As such, to perform high intensity exercise for an extended period, the body needs sufficient carbohydrate stores to provide the fuel for this. The carbohydrate stores in the body is the glycogen stored in the muscle and liver. A well trained individual eating sufficient carbohydrates can store sufficient glycogen to power up to around 2 hours of high intensity activity (Kerksick et al 2017). The glycogen stores in the liver are used to maintain blood sugar levels for normal activity, not just in exercise. As such, if an individual has not eaten carbohydrate for many hours before exercise they will have used some of their stored glycogen in order to maintain blood sugar levels in this ‘fasted’ period. This means there will be less glycogen remaining to fuel high intensity exercise.

As a result, consuming a high carbohydrate (up to 2.5g/kg bodyweight, depending how fasted the individual is prior to this point) and moderate protein meal 1-4 hours prior to training is recommended in order for the consumed food to be digested and converted to glycogen in the liver and muscles (Williams and Rollol 2015; Kerksick et al 2017; see also International Sporting Federation Position Statements). The moderate protein helps the steady release of energy from the carbohydrates as well as helping support muscle protein synthesis when resistance training is involved. To replenish glycogen stores rapidly after a high intensity training session has depleted them, a high carbohydrate and high protein meal is recommended within 1 hour of training; recommendation are up to 1.2g/kg bodyweight carbohydrate and 0.25g/kg bodyweight protein, depending on the intensity and volume of exercise performed and muscle mass of the individual, and therefore extent of glycogen depletion (Jager et al 2017; Kerksick et al 2017; see also International Sporting Federation Position Statements). The addition of protein supports rapid glycogen replenishment, as well as the longer term muscle protein synthesis. This should be repeated within 4 hours of training. In theory such an approach of pre- and post- training feeding could still support an intermittent fasting approach to diet, as eating could be concentrated at these times.

At this point, we should also mention the ketogenic diet.
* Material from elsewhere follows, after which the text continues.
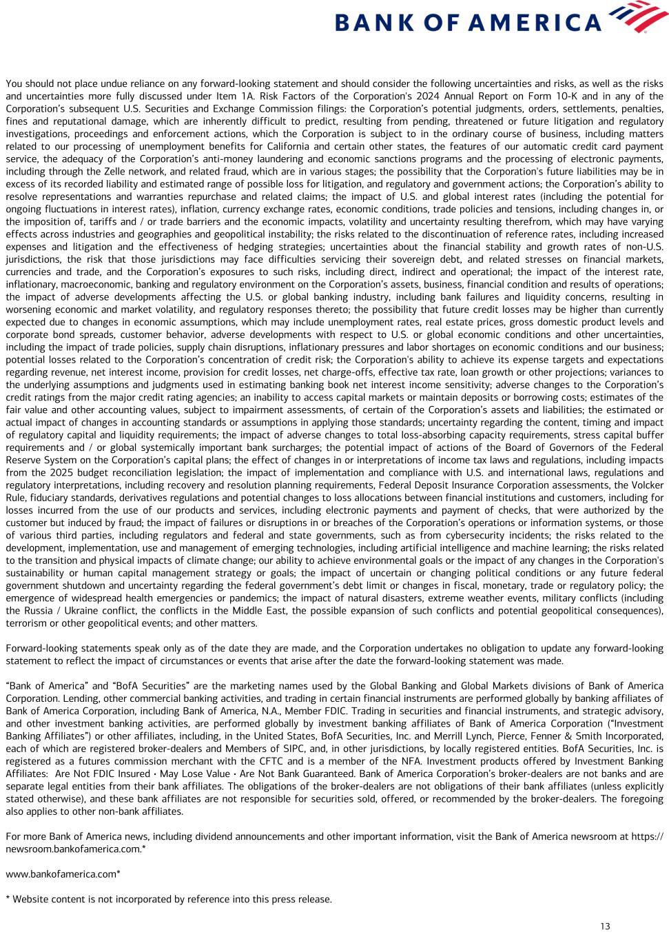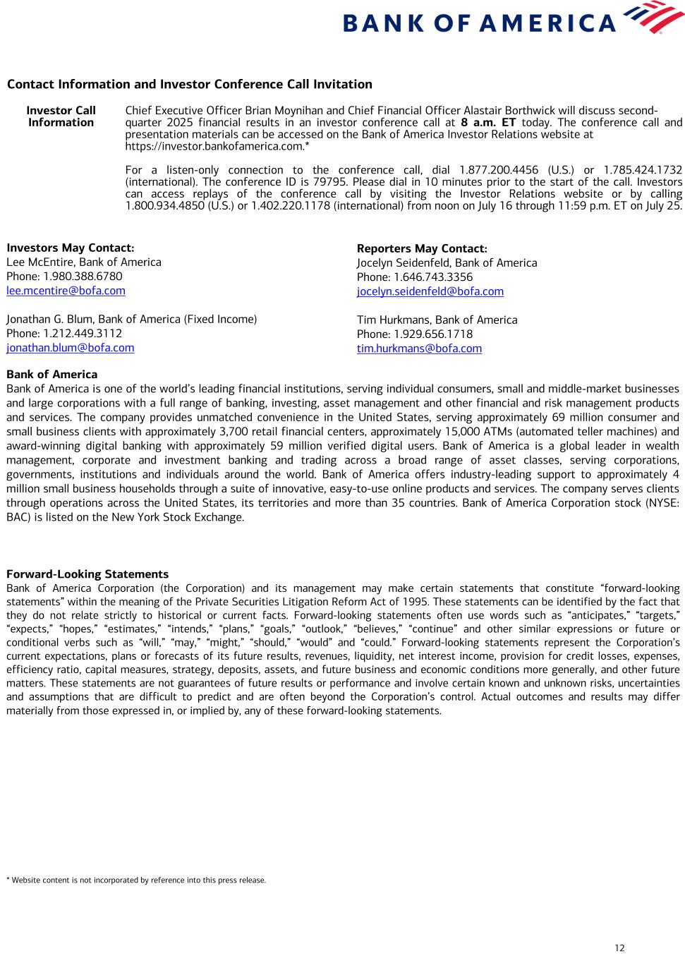 12 Contact Information and Investor Conference Call Invitation Investor Call Information Chief Executive Officer Brian Moynihan and Chief Financial Officer Alastair Borthwick will discuss second- quarter 2025 financial results in an investor conference call at 8 a.m. ET today. The conference call and presentation materials can be accessed on the Bank of America Investor Relations website at https://investor.bankofamerica.com.* For a listen-only connection to the conference call, dial 1.877.200.4456 (U.S.) or 1.785.424.1732 (international). The conference ID is 79795. Please dial in 10 minutes prior to the start of the call. Investors can access replays of the conference call by visiting the Investor Relations website or by calling 1.800.934.4850 (U.S.) or 1.402.220.1178 (international) from noon on July 16 through 11:59 p.m. ET on July 25. Investors May Contact: Lee McEntire, Bank of America Phone: 1.980.388.6780 lee.mcentire@bofa.com Jonathan G. Blum, Bank of America (Fixed Income) Phone: 1.212.449.3112 jonathan.blum@bofa.com Bank of America Bank of America is one of the world’s leading financial institutions, serving individual consumers, small and middle-market businesses and large corporations with a full range of banking, investing, asset management and other financial and risk management products and services. The company provides unmatched convenience in the United States, serving approximately 69 million consumer and small business clients with approximately 3,700 retail financial centers, approximately 15,000 ATMs (automated teller machines) and award-winning digital banking with approximately 59 million verified digital users. Bank of America is a global leader in wealth management, corporate and investment banking and trading across a broad range of asset classes, serving corporations, governments, institutions and individuals around the world. Bank of America offers industry-leading support to approximately 4 million small business households through a suite of innovative, easy-to-use online products and services. The company serves clients through operations across the United States, its territories and more than 35 countries. Bank of America Corporation stock (NYSE: BAC) is listed on the New York Stock Exchange. Forward-Looking Statements Bank of America Corporation (the Corporation) and its management may make certain statements that constitute “forward-looking statements” within the meaning of the Private Securities Litigation Reform Act of 1995. These statements can be identified by the fact that they do not relate strictly to historical or current facts. Forward-looking statements often use words such as “anticipates,” “targets,” “expects,” “hopes,” “estimates,” “intends,” “plans,” “goals,” “outlook,” “believes,” “continue” and other similar expressions or future or conditional verbs such as “will,” “may,” “might,” “should,” “would” and “could.” Forward-looking statements represent the Corporation’s current expectations, plans or forecasts of its future results, revenues, liquidity, net interest income, provision for credit losses, expenses, efficiency ratio, capital measures, strategy, deposits, assets, and future business and economic conditions more generally, and other future matters. These statements are not guarantees of future results or performance and involve certain known and unknown risks, uncertainties and assumptions that are difficult to predict and are often beyond the Corporation’s control. Actual outcomes and results may differ materially from those expressed in, or implied by, any of these forward-looking statements. * Website content is not incorporated by reference into this press release. Reporters May Contact: Jocelyn Seidenfeld, Bank of America Phone: 1.646.743.3356 jocelyn.seidenfeld@bofa.com Tim Hurkmans, Bank of America Phone: 1.929.656.1718 tim.hurkmans@bofa.com

This diet mimics fasting in many ways as it removes carbohydrates and therefore the ability to maintain blood glucose levels. Despite what is often stated by proponents of the ketogenic diet, studies performed to date have shown that the ketogenic diet does not enhance endurance performance, and actually impairs muscle glycogenolysis and energy flux, thereby limiting high intensity energy production. Proponents argue that the body adapts to better use fat to fuel exercise. Whilst at submaximal exercise capacity a high fat and low carbohydrate diet plus endurance training supports increased effectiveness of using fat as fuel, maximal exercise capacity is inhibited – as this always relies on carbohydrate as fuel (Hawley and Leckey 2015). Based on this, low intensity exercise can be sustained in a fasted state and thus for this meal frequency and timing around training is of lesser importance.

Conclusion

Further research is needed to understand the mechanisms and nuances in different athletic populations. Based on the research performed to date the evidence suggests that continuous feeding rather than intermittent fasting is typically more beneficial athletic performance and body composition – particularly those athletes who are undertaking resistance training such as CrossFit and weightlifting, or who are eating a hypocaloric diet (as a result of the impact of regular protein ingestion on the capacity for net muscle protein synthesis). For those individuals focussed on high intensity cardio based activities and who are not eating a hypocaloric diet, meal frequency (i.e. continuous versus intermittent) may be less important, if the carbohydrate meal timing is carefully planned.